Q. Doctor, after reviewing this particular record as well as the other records that you referred to at the beginning of the deposition, as well as your knowledge of gastro-viral conditions, can you express an opinion with reasonable medical certainty as to whether or not the hospitalization underwent by Mr. Koperna between the 8th of December 1974 to the 12th of December 1974 is related to the accident that Mr. Koperna suffered on August 6, 1974?
A. I can render such an opinion.
Q. And what is that opinion, Doctor?
A. The opinion is that there is no connection.

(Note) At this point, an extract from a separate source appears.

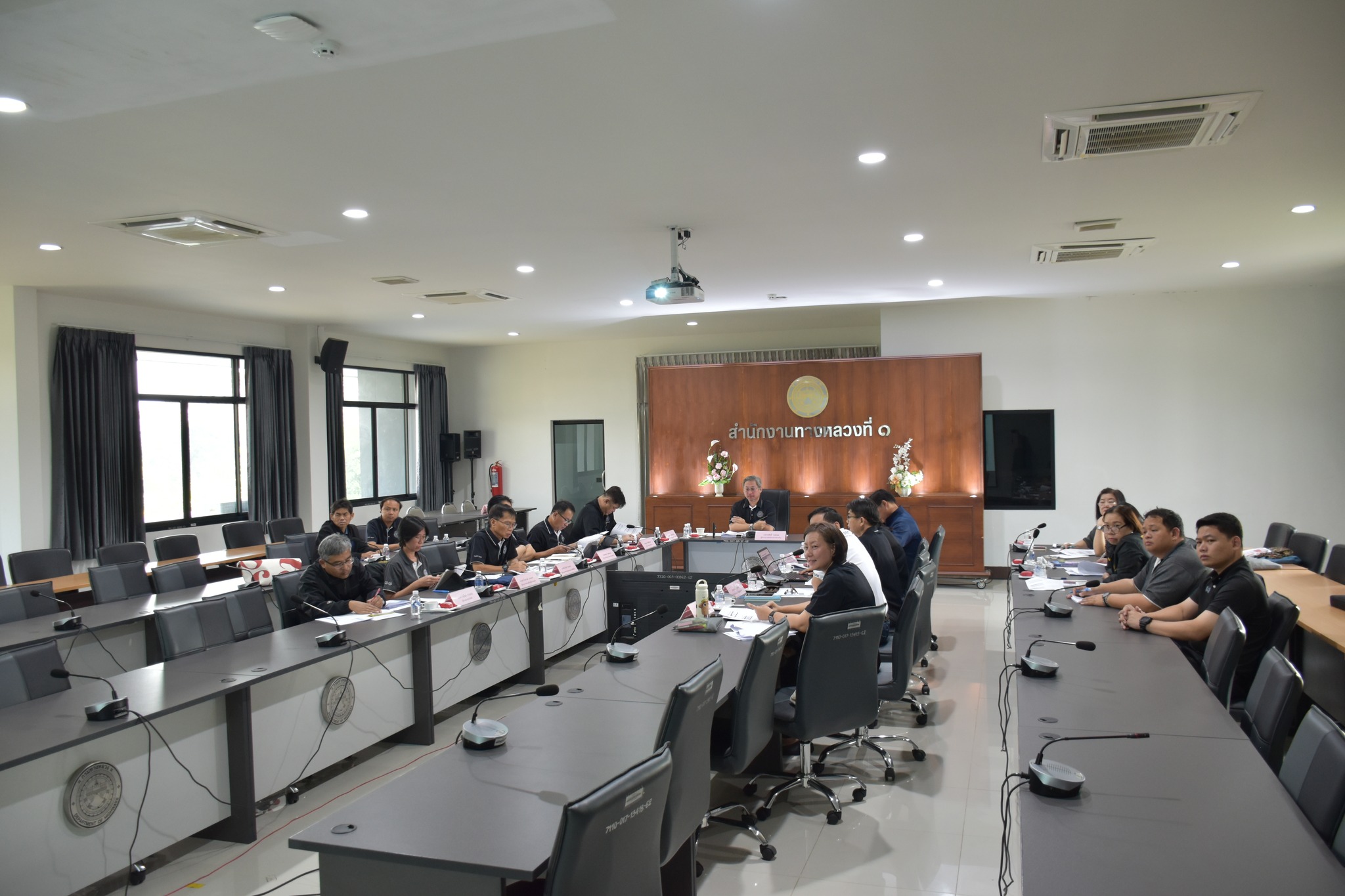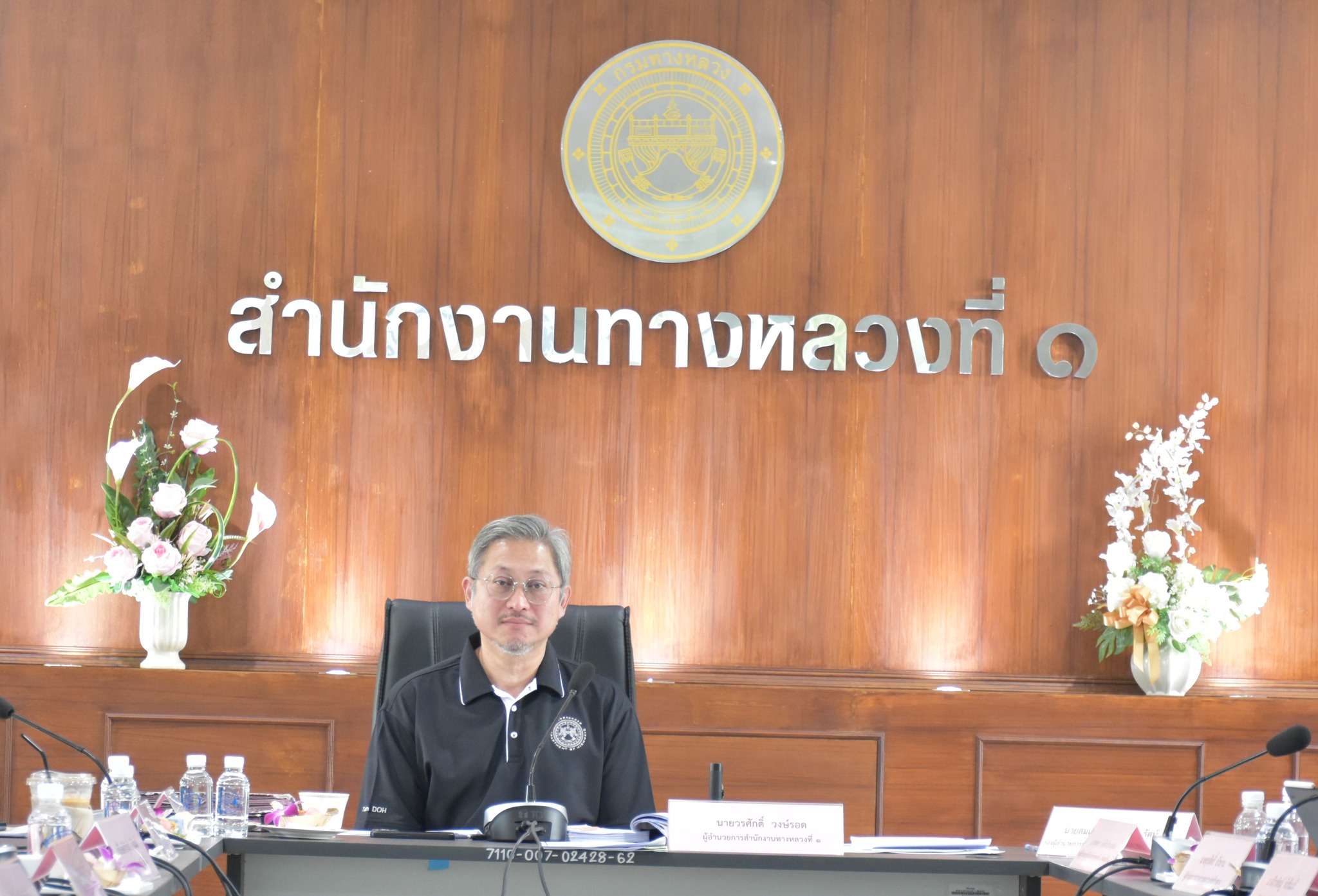 นายวรศักดิ์ วงษ์รอด ผู้อำนวยการสำนักงานทางหลวงที่ 1เป็นประธานการประชุมติดตามผลการดำเนินงานส่วนงานและแขวงทางหลวงในสังกัด โดยมีนายทศพร เหลืองกัลยาณคุณ รองผู้อำนวยการสำนักงานทางหลวงที่ 1 ตำแหน่งที่ 1 นายสมเดช โสภณดิเรกรัตน์ รองผู้อำนวยการสำนักงานทางหลวงที่ 1 ตำแหน่งที่ 2 ผู้อำนวยการแขวงทางหลวง และผู้บริหาร ร่วมประชุมติดตามผลการดำเนินงานของส่วนงานในสังกัด? เพื่อรับฟังผลการดำเนินงาน ปัญหาและอุปสรรคพร้อมแนวทางการดำเนินงาน โอกาสนี้ ผู้อำนวยการส่วนได้นำเสนอผลการดำเนินงาน พร้อมปัญหา อุปสรรค แนวทางข้อเสนอแนะในการปฏิบัติงาน ต่อที่ประชุมทราบ

Q. After reviewing the records in question, Doctor, and taking into consideration your knowledge of ulcers in the treatment of patients with ulcers, can you express an opinion with reasonable medical certainty as to whether or not the hospitalization that Mr. Koperna underwent between April 23, 1975, and May 2, 1975, was in any way related — by that I mean directly or indirectly — to the accident Mr. Koperna sustained on August 6, 1974?
A. The opinion is that there is no connection direct or indirect between Uie ulcer diagnosed in April 1975 and the injury of August 6, 1974.
Q. Doctor, based on your review of the records of the hospitalization of October 31, 1975, to November 8, 1975, as well as the other records that you have reviewed, can you express an opinion with reasonable medical certainty as to whether or not the hospitalization of October 31, 1975, was either directly or indirectly related to the trauma sustained by Mr. Koperna on August 6,1974?
*458A. I can arrive at an opinion.
Q. What is that opinion, Doctor?
A. My opinion is that there is no connection.
Q. Doctor, based on your review of the medical records and your knowledge of duodenitis and coronary artery disease, can you express an opinion with reasonable medical certainty as to whether or not there is any relationship between the admission that Mr. Koperna had to the Good Samaritan Hospital between July 6, 1976, and his discharge of July 18, 1976, and the type of trauma that he sustained on August 6, 1974 ?
A. I have an .opinion.
Q. And what is that opinion, Doctor?
A. There was no etiological connection.
Q. With respect to at least the coronary artery disease, again, are you saying that you are not sure that he has coronary artery disease but assuming that he does, you don’t feel it’s related to the accident of August 6, 1974? Is that correct?
A. That is correct.
Q. And with the ulcer, the peptic ulcer that’s been referred to, again, you feel that there is no connection between this and the trauma of August 6, 1974; is that correct?
A. That’s correct.

Since the Board gave no reason for its decision we must assume that it was based on the grounds advanced by the claimant, i.e., lack of substantial evidence to support the referee’s findings and the lack of opportunity to submit a brief.

It is uncontroverted that the referee did not fail to make any crucial findings.